Bevatten huwelijkse voorwaarden een bepaling dat echtgenoten na het einde van het
huwelijk de deling van beider vermogensvermeerderingen kunnen vorderen? En zijn die
vermogensvermeerderingen tijdens huwelijk niet verrekend? Dan is de vordering van
de langstlevende echtgenoot op de overleden echtgenoot geen fictieve verkrijging voor
de Successiewet.

Een vrouw is tot het overlijden van haar echtgenoot onder het maken van huwelijkse
voorwaarden gehuwd. In de huwelijkse voorwaarden is onder meer opgenomen dat er geen
gemeenschap van goederen zal bestaan. Ook is opgenomen dat na het eindigen van het
huwelijk ieder van de echtgenoten de deling van de beide vermogensvermeerderingen
kan vorderen.
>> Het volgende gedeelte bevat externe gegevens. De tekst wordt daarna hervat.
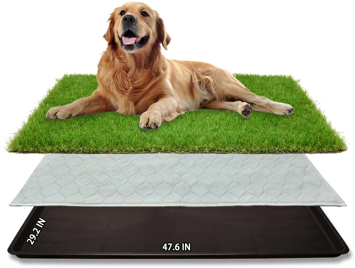 - INDOOR/OUTDOOR POTTY SOLUTIONS: Portable potty is a unique solution for pets to have an accident-free life. Perfect for times when you’re late coming home to let the dog out, or unable to let your pet outside due to illness or bad weather. The pet potty large size 47.6″ x 29.2 ” makes it ideal for medium and large dogs and it is weather proof, so you can leave it outside on the patio or balcony. Non-toxic and safe to use around your pet.
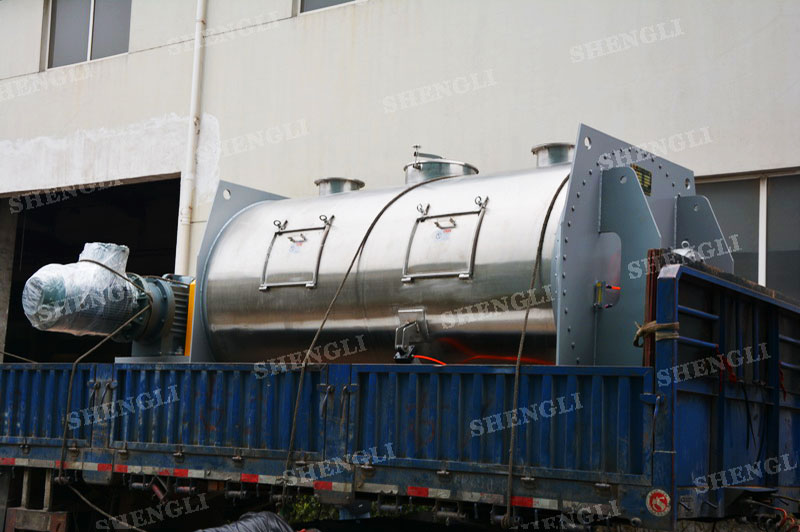 工作原理:犁刀混合機(jī)采用臥式圓柱筒體,內(nèi)設(shè)平行主軸,主軸上安裝若干犁式刀頭,通過較快的旋轉(zhuǎn)速度,分割、重合物料,實現(xiàn)快速攪拌的功能,常結(jié)合1500-3000轉(zhuǎn)高速剪切飛刀相互作用。
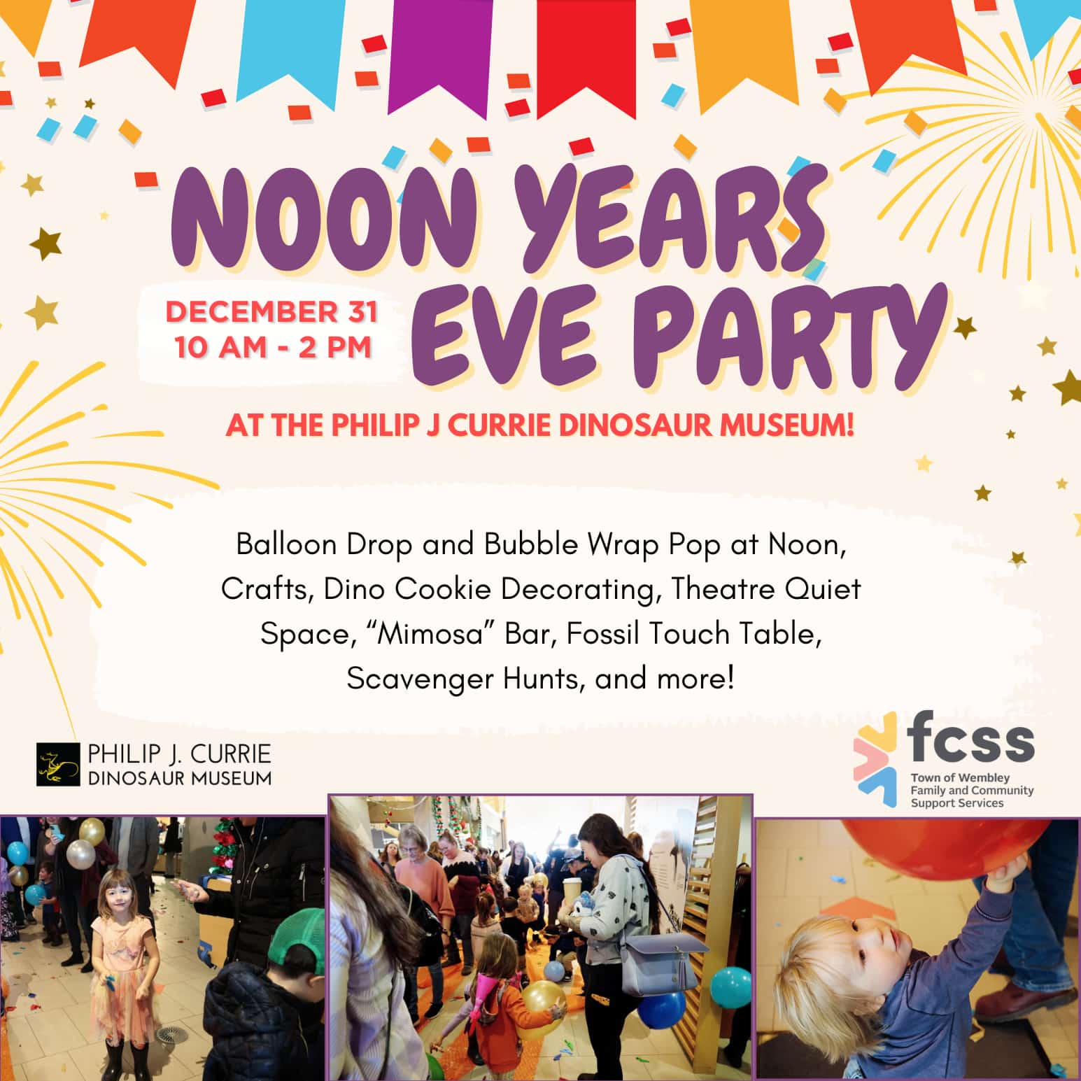 🎈🎉 Get ready to party like its 70 million years ago with The Philip J. Currie Dinosaur Museum this New Years Eve, sponsored by our friends at the Wembley FCSS! 🎉🎈
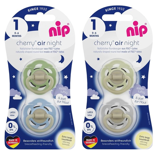 NIP Cherry Round Dummy Night 0-6 Months, Luminous Dummy, from Birth 0+ Months, Glows in the Dark
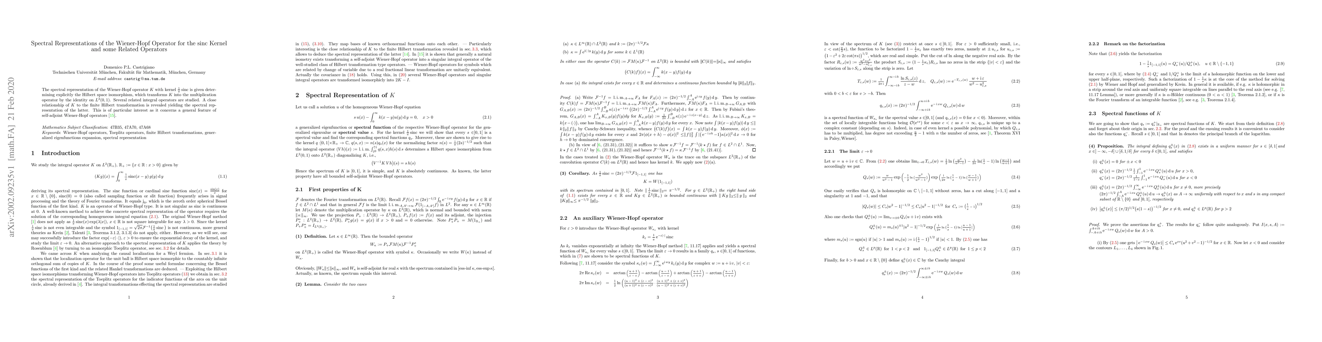 This paper provides a spectral representation for the Wiener-Hopf operator K with the sinc kernel, explicitly determining the Hilbert space isomorphism that transforms K into the identity operator on $L^2(0,1)$. It also explores related integral operators and reveals a close relationship between K and the finite Hilbert transformation, offering a spectral representation for the latter.
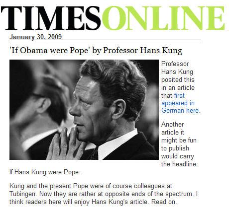 « Si Obama était pape, » par le professeur Hans Kung
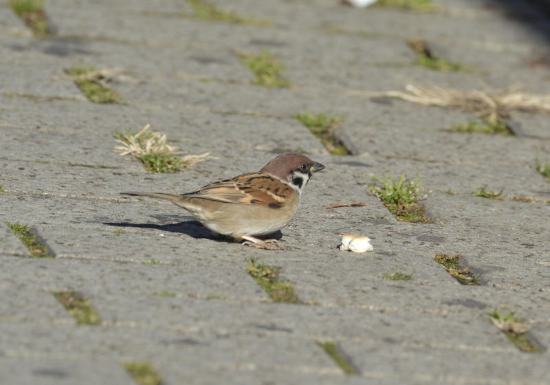 街川散歩おっスズメ君「なにしてんのぉ」「えっ」・・・と振り向けばお食事中でしたな「そうなの お 食 事 中 だ よ」ずいぶんとお口の周りに付けてますなクチバシも濡れてないようですしなぜにそんなにくっついているのでしょうかなふむ口で揉んでぷっとする殻が付いているのでしょうなスズメ君黙々とたべていたのでござりまする

De echtgenoot heeft de vrouw onterfd en haar een legaat van € 450.000
toegekend. In de aangifte erfbelasting is rekening gehouden met een bedrag van € 1.781.413
als fictieve verkrijging, zijnde de helft van beider vermogensvermeerderingen tijdens
het huwelijk ontstaan.

Het geschil Bij Rechtbank Gelderland is in geschil of de vordering van de vrouw op haar echtgenoot
vanwege een niet-uitgevoerd verrekenbeding een fictieve verkrijging in de zin van
de Successiewet vormt. Volgens de inspecteur is dat wel het geval. Hij onderbouwt
zijn stelling door te verwijzen naar de arresten van de Hoge Raad van 20 februari
1963 en 11 januari 1995.

Geen fictieve verkrijging De rechtbank overweegt dat de Hoge Raad in 1994 heeft beslist dat de vordering vanwege
een niet-uitgevoerd periodiek verrekenbeding niet krachtens erfrecht als legaat is
verkregen. Deze vordering werd krachtens huwelijksvermogensrecht verkregen. In voornoemd
arrest is sprake van een periodiek verrekenbeding. Dat is in de casus van deze uitspraak
niet het geval, maar de vrouw kon ook tijdens leven verrekening vorderen, namelijk
bij scheiding. Uit de formulering van de huwelijkse voorwaarden kan volgens de rechtbank
daarom geen andere conclusie worden getrokken dan dat op het verrekenbeding ook anders
dan bij overlijden een beroep kan worden gedaan. Dit maakt de casus in deze uitspraak
vergelijkbaar met die in voornoemd arrest van de Hoge Raad. De rechtbank oordeelt
verder dat de door de inspecteur genoemde arresten niet vergelijkbaar zijn. Hierin
was in de huwelijkse voorwaarden juist opgenomen dat de vordering vanwege vermogensvermeerderingen
pas na overlijden opeisbaar werden.

Aanslag erfbelasting vernietigd De vrouw heeft het bedrag van € 1.781.413 krachtens huwelijksvermogensrecht verkregen.
Aangezien de waarde van het legaat onder de partnervrijstelling blijft, vermindert
de rechtbank de aanslag erfbelasting naar nihil.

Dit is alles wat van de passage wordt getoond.